February is American Heart Month. Heart health is no joke. The millions of people who have survived heart attacks will tell you that. It’s something we don’t often think about until we have to. Certainly as young people, we don’t often think about making heart healthy choices. Then perhaps we see the doctor and he tells us our cholesterol is high, or we have chest pains and it’s only a scare, but it’s enough to wake us up.

American Heart Month History

February was named American Heart Month back at the end of 1963, when President Lyndon B. Johnson issued a proclamation making it so. A heart attack survivor himself, President Johnson understood the importance of cardiovascular health. Addressing the American public when announcing the National day, he urged, “the people of the United States to give heed to the nationwide problem of the heart and blood-vessel diseases, and to support the programs required to bring about its solution.”

This actually changed the course of history and how seriously we took heart health back in the day. Early the next year, in January of 1964, the first Surgeon General’s report on Smoking and Health was released and this was the first nationwide report that linked smoking with heart disease.
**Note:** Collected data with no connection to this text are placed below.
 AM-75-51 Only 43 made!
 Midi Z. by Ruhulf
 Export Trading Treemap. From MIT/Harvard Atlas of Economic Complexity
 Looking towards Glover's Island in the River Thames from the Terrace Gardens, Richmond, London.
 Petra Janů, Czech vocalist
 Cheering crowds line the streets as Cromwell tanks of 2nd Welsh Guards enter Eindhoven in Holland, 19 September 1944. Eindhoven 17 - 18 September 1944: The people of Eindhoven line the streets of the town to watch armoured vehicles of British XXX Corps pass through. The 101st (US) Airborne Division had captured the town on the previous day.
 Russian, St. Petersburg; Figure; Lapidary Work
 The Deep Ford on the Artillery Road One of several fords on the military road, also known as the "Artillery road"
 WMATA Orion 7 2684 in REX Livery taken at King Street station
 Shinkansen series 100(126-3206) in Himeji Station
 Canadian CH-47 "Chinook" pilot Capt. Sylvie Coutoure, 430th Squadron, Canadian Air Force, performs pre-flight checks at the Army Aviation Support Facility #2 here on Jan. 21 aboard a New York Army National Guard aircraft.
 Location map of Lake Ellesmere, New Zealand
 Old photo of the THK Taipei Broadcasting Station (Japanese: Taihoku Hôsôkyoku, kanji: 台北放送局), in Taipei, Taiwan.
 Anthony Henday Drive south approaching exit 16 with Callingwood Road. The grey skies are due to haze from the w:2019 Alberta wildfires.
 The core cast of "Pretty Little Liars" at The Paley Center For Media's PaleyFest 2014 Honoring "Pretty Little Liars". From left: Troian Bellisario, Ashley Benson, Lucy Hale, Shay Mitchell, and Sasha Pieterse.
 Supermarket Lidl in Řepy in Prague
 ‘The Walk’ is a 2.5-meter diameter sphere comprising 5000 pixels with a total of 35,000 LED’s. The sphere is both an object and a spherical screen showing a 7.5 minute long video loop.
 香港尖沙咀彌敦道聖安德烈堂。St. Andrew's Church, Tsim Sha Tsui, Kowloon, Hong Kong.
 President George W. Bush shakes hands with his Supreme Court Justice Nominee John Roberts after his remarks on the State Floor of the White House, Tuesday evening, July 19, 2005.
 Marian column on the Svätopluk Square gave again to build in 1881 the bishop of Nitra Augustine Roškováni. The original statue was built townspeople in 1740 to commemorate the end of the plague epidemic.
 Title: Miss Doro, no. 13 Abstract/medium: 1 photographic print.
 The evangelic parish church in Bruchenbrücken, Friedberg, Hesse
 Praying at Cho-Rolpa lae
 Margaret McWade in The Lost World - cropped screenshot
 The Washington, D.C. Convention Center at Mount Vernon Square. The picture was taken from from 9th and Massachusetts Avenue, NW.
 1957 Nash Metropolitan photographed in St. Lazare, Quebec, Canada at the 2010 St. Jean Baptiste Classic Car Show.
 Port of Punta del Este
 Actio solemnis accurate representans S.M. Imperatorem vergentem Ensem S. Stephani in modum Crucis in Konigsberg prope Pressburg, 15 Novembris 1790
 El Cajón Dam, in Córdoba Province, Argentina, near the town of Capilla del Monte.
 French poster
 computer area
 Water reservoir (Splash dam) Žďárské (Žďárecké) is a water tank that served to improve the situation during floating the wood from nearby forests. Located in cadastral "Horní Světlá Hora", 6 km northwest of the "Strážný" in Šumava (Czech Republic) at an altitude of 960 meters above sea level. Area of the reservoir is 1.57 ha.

Of course now, we know so much more and our technology, medicine and medical care has improved drastically. More importantly, we have the ability to care for ourselves and our loved ones in ways that have been proven to be “heart healthy”. These ways can prevent and help manage heart disease.

Heart Month Initiatives

Every year, the American Heart Association and other organizations runs initiatives all throughout the month of February. This year is no different, but is also very different. We’ve struggled for the last two years through a pandemic, many of us have built unhealthy habits, and heart patients have had unique challenges getting care.

Go Red For Women

National Wear Red Day is February 4th. This is the day that we wear red across the country to bring focus to women’s health issues. GoRedForWomen indicates:

Fact: Cardiovascular disease is the No. 1 killer of women, causing 1 in 3 deaths each year. It’s a third of our mothers, sisters, friends, neighbors, coworkers and more. It’s a third of the women we can’t bear to live with it.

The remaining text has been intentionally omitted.